**WHAT TO WORK ON**:
Would you give the listing again exactly as written, minus its pictures?

**MATERIAL PROVIDED**:

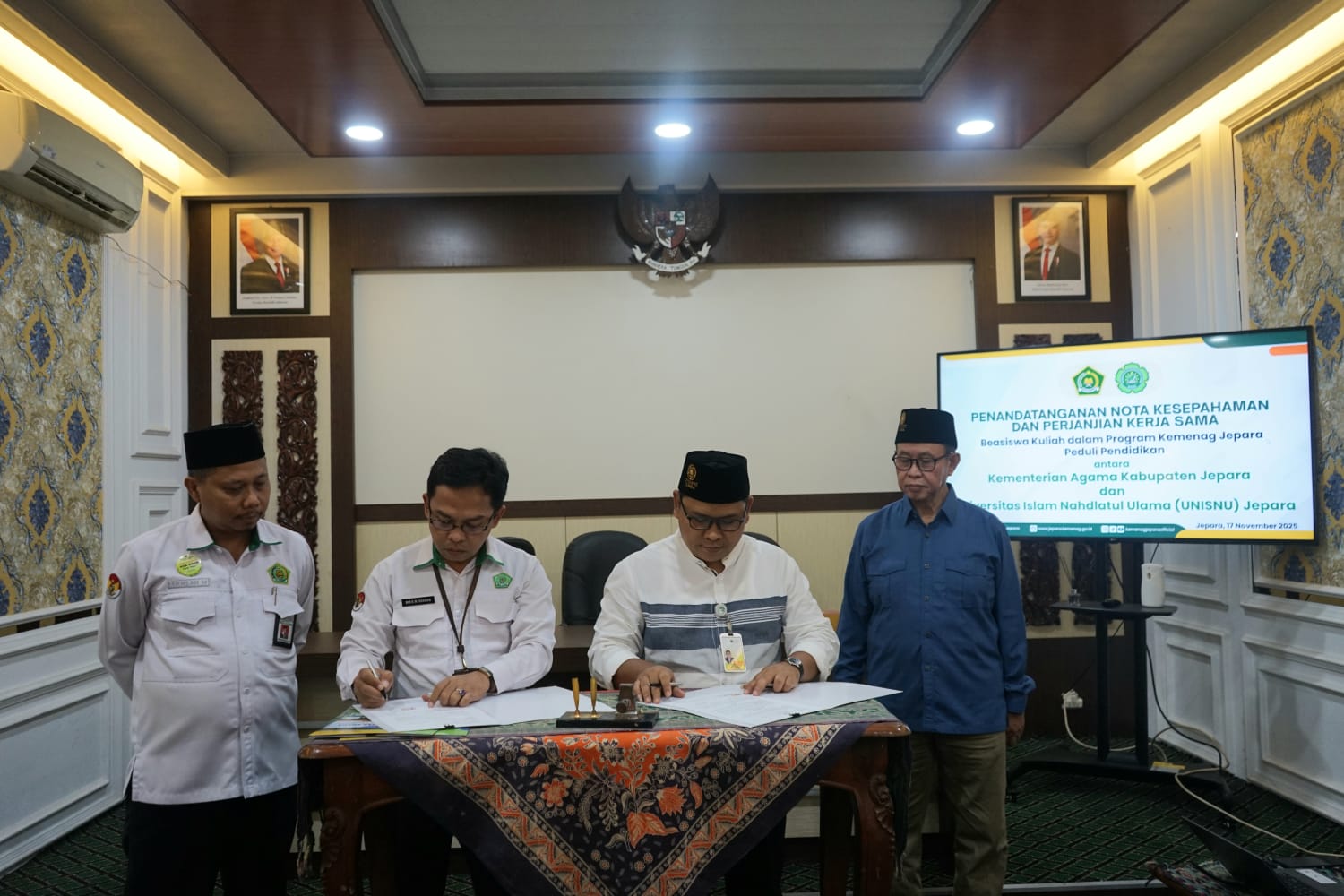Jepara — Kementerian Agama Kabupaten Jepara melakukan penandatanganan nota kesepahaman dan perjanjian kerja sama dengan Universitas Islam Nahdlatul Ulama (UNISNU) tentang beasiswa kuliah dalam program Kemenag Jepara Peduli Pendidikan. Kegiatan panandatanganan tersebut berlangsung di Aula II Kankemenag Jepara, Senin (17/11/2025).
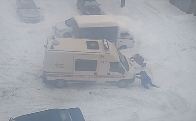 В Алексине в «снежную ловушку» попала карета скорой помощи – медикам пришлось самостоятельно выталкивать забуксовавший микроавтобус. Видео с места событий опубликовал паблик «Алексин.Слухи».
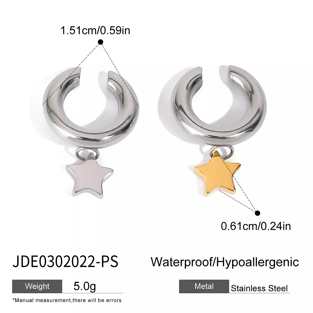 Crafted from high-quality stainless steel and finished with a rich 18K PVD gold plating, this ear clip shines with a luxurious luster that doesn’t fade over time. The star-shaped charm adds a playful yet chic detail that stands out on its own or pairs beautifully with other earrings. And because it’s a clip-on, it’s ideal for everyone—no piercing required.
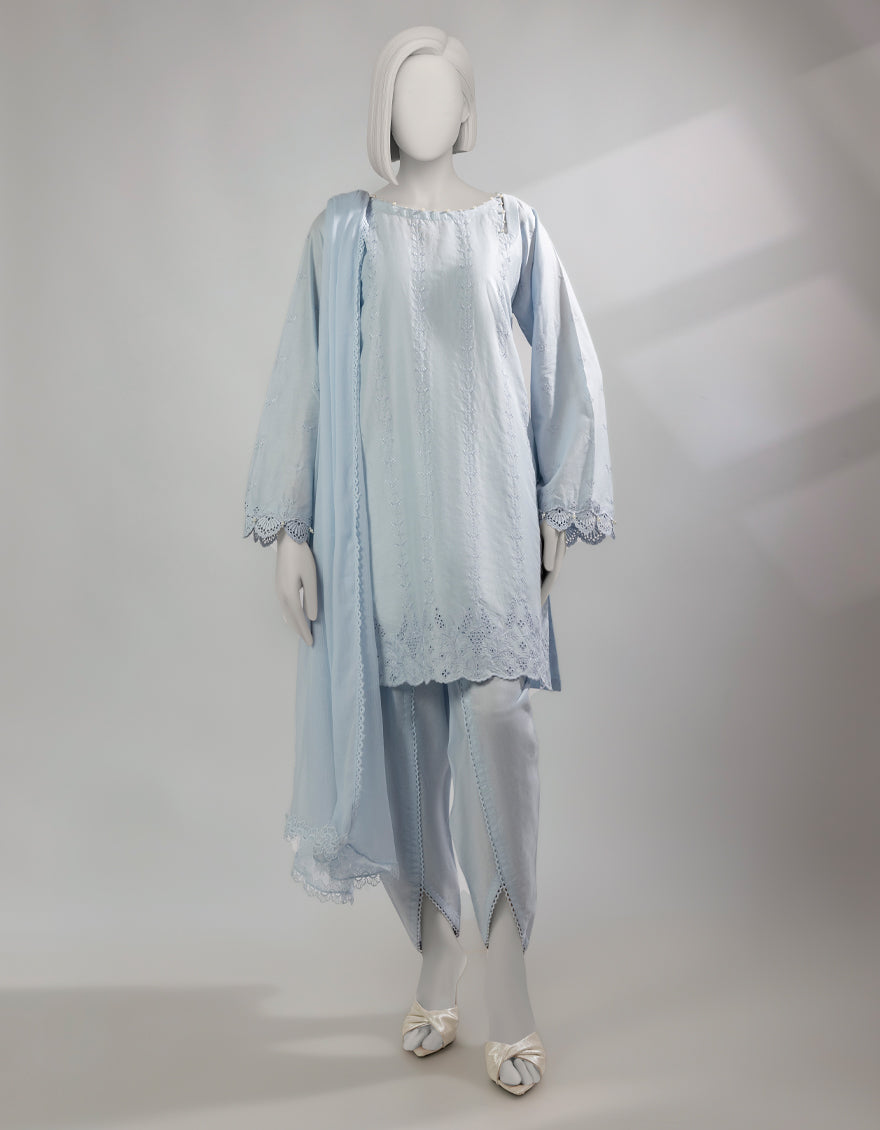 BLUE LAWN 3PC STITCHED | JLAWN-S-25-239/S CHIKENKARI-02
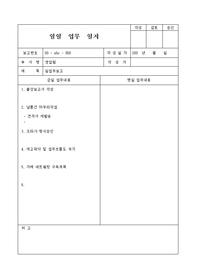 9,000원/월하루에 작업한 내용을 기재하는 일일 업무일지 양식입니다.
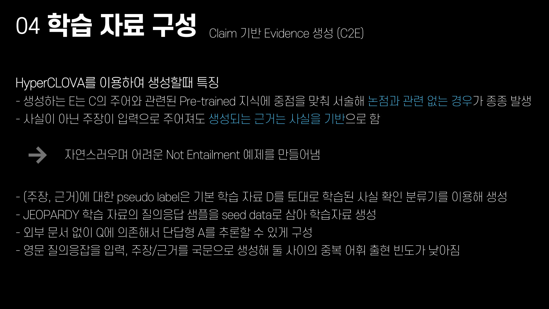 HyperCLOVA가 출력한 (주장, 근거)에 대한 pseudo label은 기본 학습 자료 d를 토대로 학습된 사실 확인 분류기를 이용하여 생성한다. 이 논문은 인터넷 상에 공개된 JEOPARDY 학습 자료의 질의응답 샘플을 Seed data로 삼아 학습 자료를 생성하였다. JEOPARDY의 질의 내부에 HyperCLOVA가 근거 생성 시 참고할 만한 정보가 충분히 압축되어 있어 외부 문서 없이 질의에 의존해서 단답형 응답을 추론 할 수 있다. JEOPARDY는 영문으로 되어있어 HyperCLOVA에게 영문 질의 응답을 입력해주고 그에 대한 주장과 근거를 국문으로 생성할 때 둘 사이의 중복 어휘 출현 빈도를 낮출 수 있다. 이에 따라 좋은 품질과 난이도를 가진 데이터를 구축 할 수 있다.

**EXERCISE RESPONSE**:
Jepara — Kementerian Agama Kabupaten Jepara melakukan penandatanganan nota kesepahaman dan perjanjian kerja sama dengan Universitas Islam Nahdlatul Ulama (UNISNU) tentang beasiswa kuliah dalam program Kemenag Jepara Peduli Pendidikan. Kegiatan panandatanganan tersebut berlangsung di Aula II Kankemenag Jepara, Senin (17/11/2025).
 В Алексине в «снежную ловушку» попала карета скорой помощи – медикам пришлось самостоятельно выталкивать забуксовавший микроавтобус. Видео с места событий опубликовал паблик «Алексин.Слухи».
 Crafted from high-quality stainless steel and finished with a rich 18K PVD gold plating, this ear clip shines with a luxurious luster that doesn’t fade over time. The star-shaped charm adds a playful yet chic detail that stands out on its own or pairs beautifully with other earrings. And because it’s a clip-on, it’s ideal for everyone—no piercing required.
 BLUE LAWN 3PC STITCHED | JLAWN-S-25-239/S CHIKENKARI-02
 9,000원/월하루에 작업한 내용을 기재하는 일일 업무일지 양식입니다.
 HyperCLOVA가 출력한 (주장, 근거)에 대한 pseudo label은 기본 학습 자료 d를 토대로 학습된 사실 확인 분류기를 이용하여 생성한다. 이 논문은 인터넷 상에 공개된 JEOPARDY 학습 자료의 질의응답 샘플을 Seed data로 삼아 학습 자료를 생성하였다. JEOPARDY의 질의 내부에 HyperCLOVA가 근거 생성 시 참고할 만한 정보가 충분히 압축되어 있어 외부 문서 없이 질의에 의존해서 단답형 응답을 추론 할 수 있다. JEOPARDY는 영문으로 되어있어 HyperCLOVA에게 영문 질의 응답을 입력해주고 그에 대한 주장과 근거를 국문으로 생성할 때 둘 사이의 중복 어휘 출현 빈도를 낮출 수 있다. 이에 따라 좋은 품질과 난이도를 가진 데이터를 구축 할 수 있다.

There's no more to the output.